Top chef spearheads Tokoroa healthy eating project

Three Tokoroa schools are part of a healthy eating project inspired by a woman who has cooked at some of London’s top eateries and who has tutored a new generation of Waikato’s top chefs.

Sarah Turpitt is now Tokoroa, Te Kuiti and Taumarunui hospitals’ food and environmental services manager and is pioneering a school lunch pilot at Amisfield, Tokoroa North and David Henry schools.

The dietary team at Tokoroa Hospital prepare the lunches and deliver them to the schools in time for lunch.

“We provide the option to purchase a lunchbox containing a range of healthy lunch items including a salad and chicken wrap, a ham and egg wholemeal roll, a slice of wholemeal banana bread, vegetable sticks with hummus to dip and some fresh fruit.

“The children can also purchase a larger chicken salad wrap.”

“Parents have embraced the service”, says Turpitt, who before joining Waikato DHB was a lecturer at Wintec and a Waikato Times columnist. Before that she was chef and cookery teacher at Vanilla Café in Hamilton and worked for both restaurants and catering companies in London.

“I’ve always been passionate about food, particularly healthy food, and this project sits within our remit to improve the health of our community,” she said.

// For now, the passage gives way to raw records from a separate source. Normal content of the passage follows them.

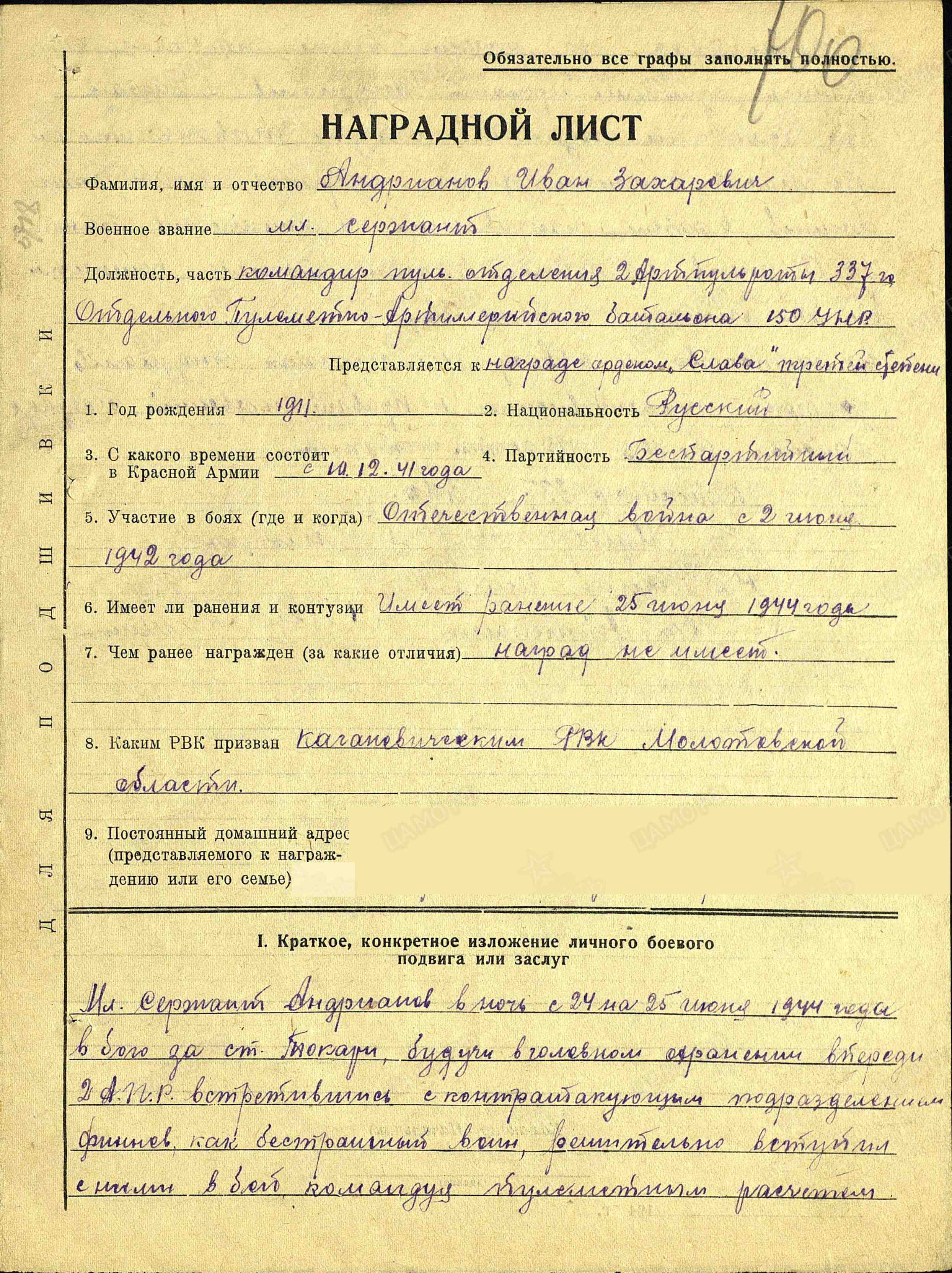 АНДРЕЯНОВ (АНДРИАНОВ) ИВАН ЗАХАРОВИЧ
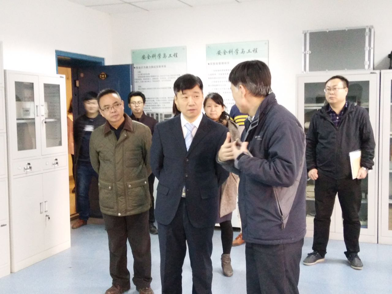 学科和科研的实验室,实地了解了教师和研究生的办公环境和条件。蒋校长指出,安全学科是学校学科的高峰,发展特色鲜明,成果突出,为学校的发展做出了贡献,希望皇冠足球
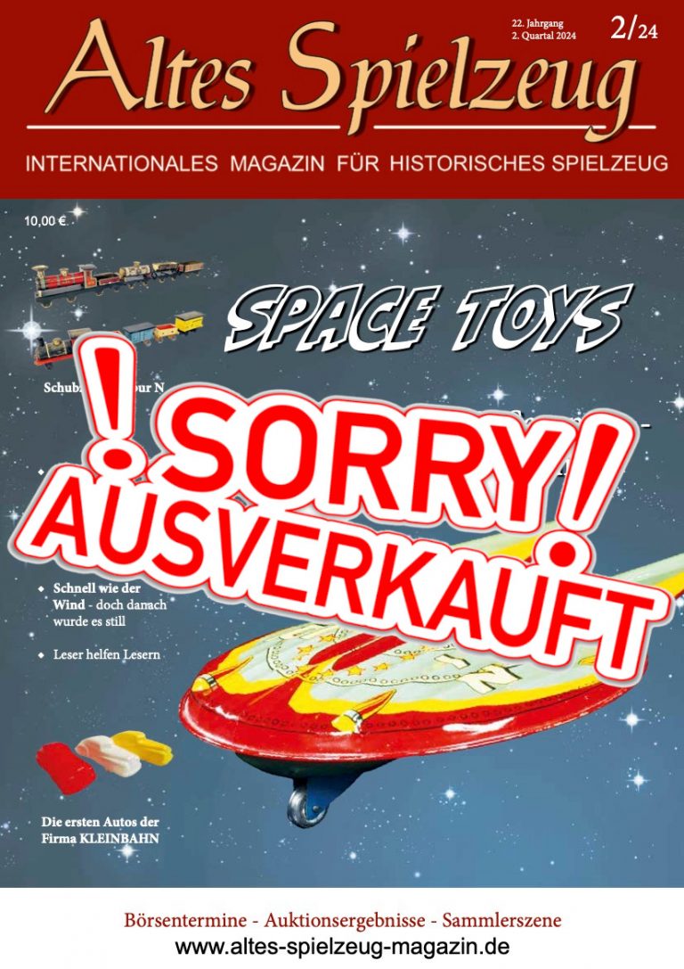 Die Ausgabe 2/24 des Magazins “Altes Spielzeug” erschien Ende April 2024. Das Hauptthema dieser Ausgabe ist „SPACE TOYS - Raumfahrtträume für Sammler - so beliebt wie noch nie". Weitere Themen in diesem Heft: Schubzüge in Spur N Wohnhäuser von BING Phönix aus der Asche - Abschluss- bericht Schnell wie der Wind - doch danach wurde es still Die ersten Autos der Firma Kleinbahn Wie immer werden die aktuellen Artikel ergänzt durch die beliebten Rubriken: Aktuelles Termine Auktionen + Märkte Leserbriefe 60 Seiten geballte Informationen zu altem Spielzeug! Einzelheft bestellen Nutzen...

The inspiration came from Waikato DHB’s Project Energize programme delivered by Sport Waikato “Energizers” in Waikato primary and intermediate schools.

Turpitt was approached by the Amisfield School principal to pilot the food project.

“We see it as a step towards making healthy food available to the community and investing in the long term health of the participants.

“The lunches are substantial and nutritious, providing the energy the students require to engage in the classroom as well as being a convenient and affordable way for parents to ensure that their children have a nourishing meal to see them through the school day. They are low in processed sugars, fats and high in fibre providing optimum nutrition for the participants.”

Turpitt says once she has established a sustainable system and allocated resources to ensure the Tokoroa Hospital café can meet demand and cover costs, she will make the service available to schools throughout the town and in winter include a hot meal option and soup.

The lunches are user funded and priced to cover the cost of the lunches.

Turpitt is keen for some community support so they can pool resources and ensure a sustainable and affordable service.

“There are already many amazing people working in various projects around the town to try and improve the health and general well-being of the community.

Turpitt’s inspiration comes from an extraordinary community garden, a soup kitchen and Sport Waikato.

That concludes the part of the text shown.